Source data -

'''

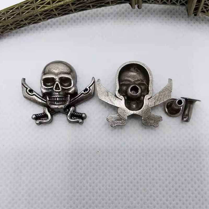 Vintage nýty s lebkou a dýkou – gotické punkové kovové nýty pro DIY zdobení kůže a bund 20 ks (2 velikosti)
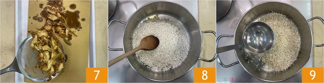 Lorsqu'ils sont croustillants et dorés, égouttez les artichauts et transférez-les sur du papier absorbant 7. Mettez de côté et portez à ébullition une casserole d'eau qui vous servira à cuire le risotto. Faites griller le riz dans une casserole avec un filet d'huile 8, puis déglacez avec une louche d'eau chaude 9.
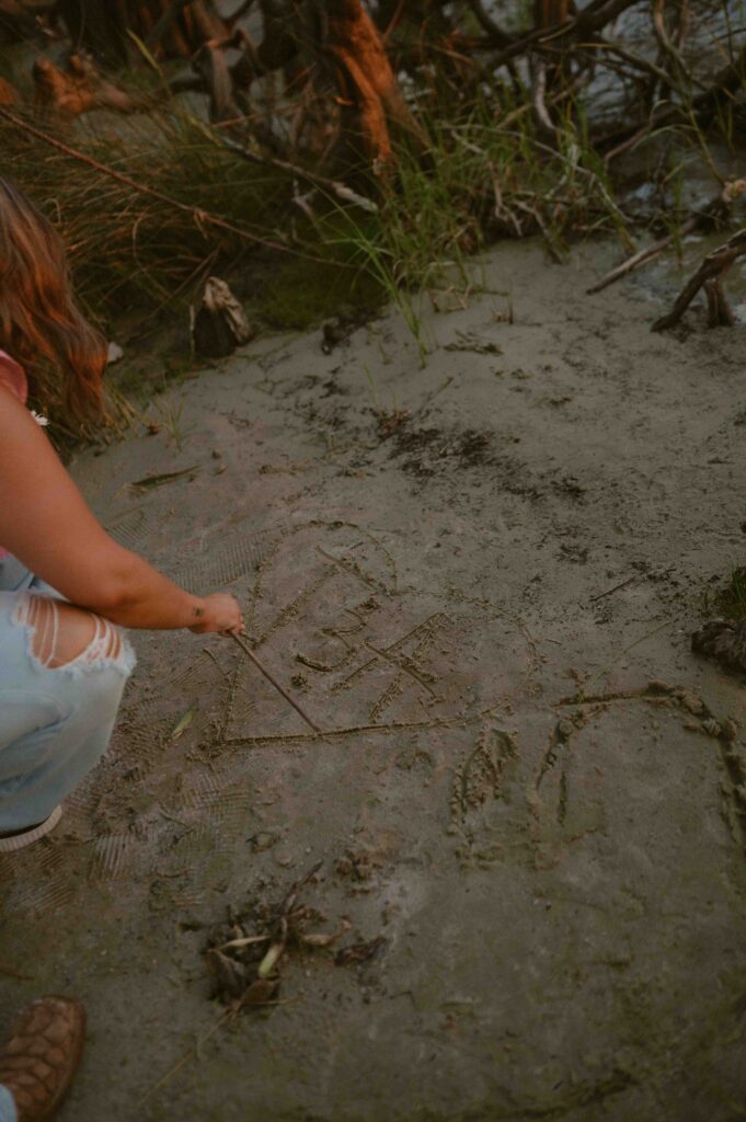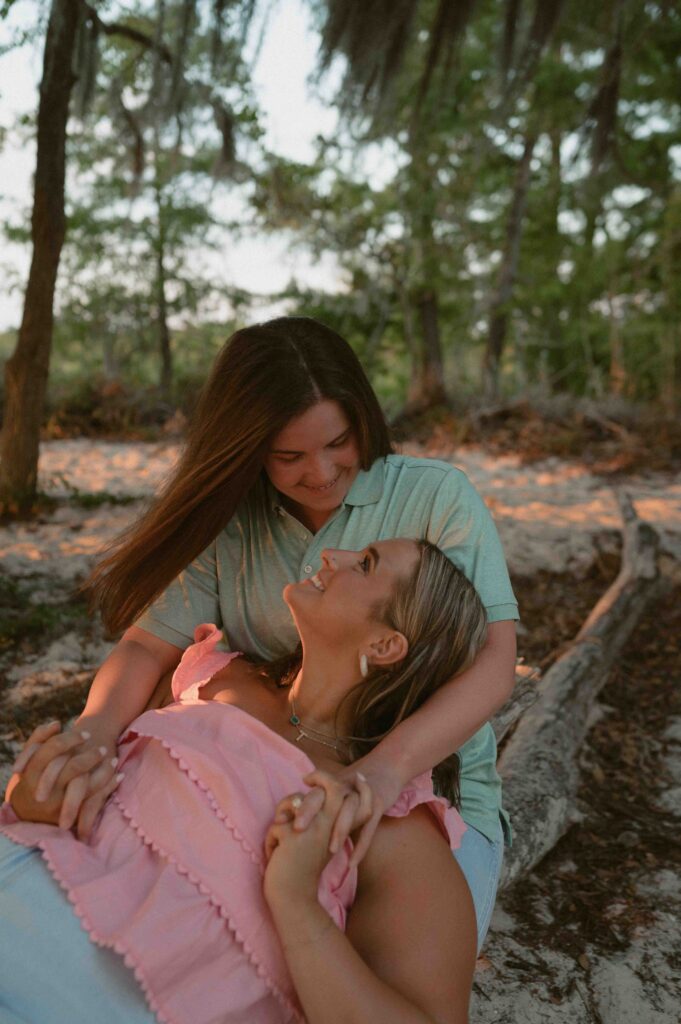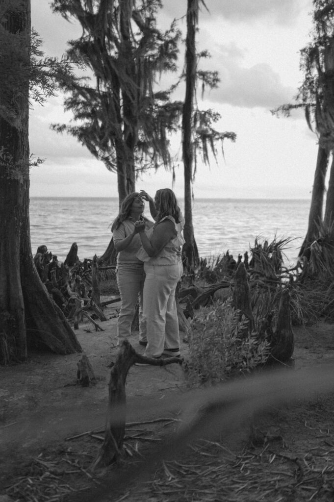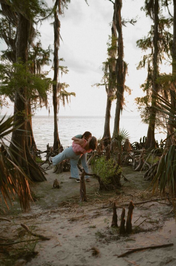 In the midst of wedding planning, hectic schedules, and life in general, we don’t often get dedicated one-on-one time with our partners. Date nights are often few and far between, which is why I want this to feel like a date. I always start my sessions by saying “I want you to feel like you’re on a date. So, interact with each other. Talk, laugh, play, and let yourself have this time together.”, and these two quite literally understood the assignment. Throughout the entire session, their love for each other and genuine chemistry was so palpable and so easily photographed. Alexis and Taylor spent the day running around on the beach, dancing under the cypress trees, drawing hearts with their initials in the sand, and melting into each other while watching the sunset on the water.
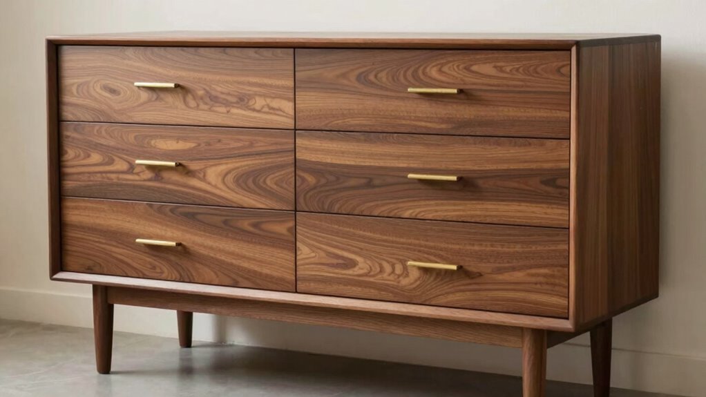 Choosing a solid wood mid-century dresser means prioritizing material quality and durability, as these factors directly influence its longevity and performance. The type of wood, like hardwood versus softwood, plays a key role in strength, stability, and resistance to wear. Well-crafted dressers often feature reinforced joints and high-quality hardware, which boost durability and lifespan. The finish used on the wood also matters; a good finish protects against scratches, moisture, and UV damage, helping the piece last longer. Proper maintenance, such as gentle cleaning and avoiding excess moisture, is essential to keep the dresser looking and functioning its best over time. When you select a high-quality, durable piece, you’re investing in furniture that will serve you well for years to come.

'''

Exercise description -
The response is to contain exactly the lines from the beginning of the data through the line containing "Lorsqu'ils sont croustillants", both ends included, and nothing else; omit the pictures.

Finished exercise -
 Vintage nýty s lebkou a dýkou – gotické punkové kovové nýty pro DIY zdobení kůže a bund 20 ks (2 velikosti)
 Lorsqu'ils sont croustillants et dorés, égouttez les artichauts et transférez-les sur du papier absorbant 7. Mettez de côté et portez à ébullition une casserole d'eau qui vous servira à cuire le risotto. Faites griller le riz dans une casserole avec un filet d'huile 8, puis déglacez avec une louche d'eau chaude 9.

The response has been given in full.